What is your favorite part about your job?
My favorite part about my job is the success stories I hear from my staff. When I hear about a client who graduates from our Clinical program and has a new perspective in his/her life because of our therapy sessions, it brings excitement and fulfillment. These stories fuel my heart and soul and recharge me.
What was a moment that positively impacted you in your work?

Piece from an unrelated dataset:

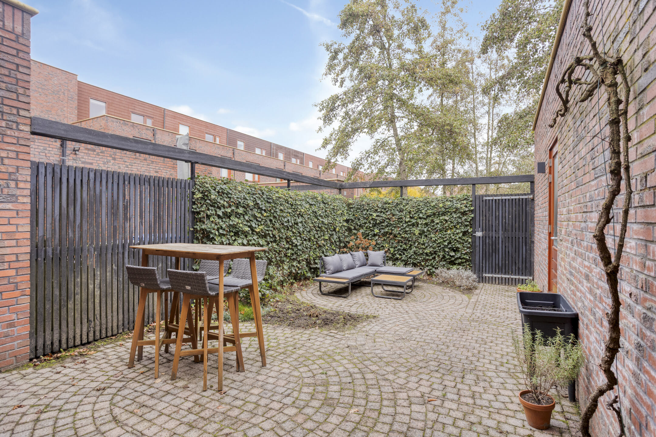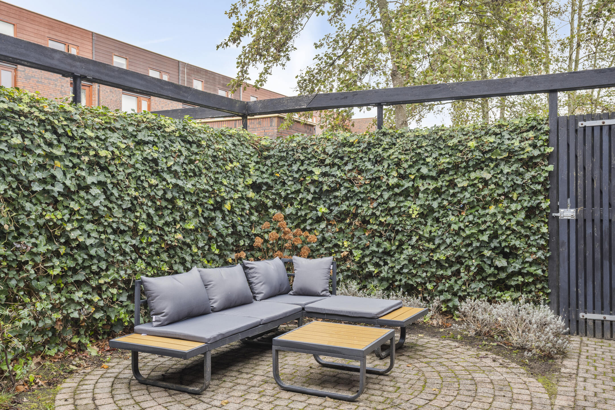 De onderhoudsvriendelijke achtertuin is voorzien van sfeervolle bestrating en groene hagen voor optimale privacy. Er is volop ruimte voor een loungehoek én een buitentafel. In de achtertuin bevindt zich de stenen berging, ideaal voor fietsen en opslag.

When we first created our Asian Foster Family Initiative (AFFI) Program, I was really worried about how the community would view foster care and adoption due to the cultural stigma in Asia. And when we first started the program there were zero Korean foster parents in L.A. County, even though there are over 350,000 Koreans that live in L.A. County and up to 50 Korean children (600-800 Asian Children) in the system at any given time. I was blown away by the reception and love AFFI received from the community members. I remember the first year we received over 800 phone calls and had thousands of individuals and families coming to our information sessions and orientation to become foster parents. I saw how the community came together, moved together, and educated together to provide homes for children in need.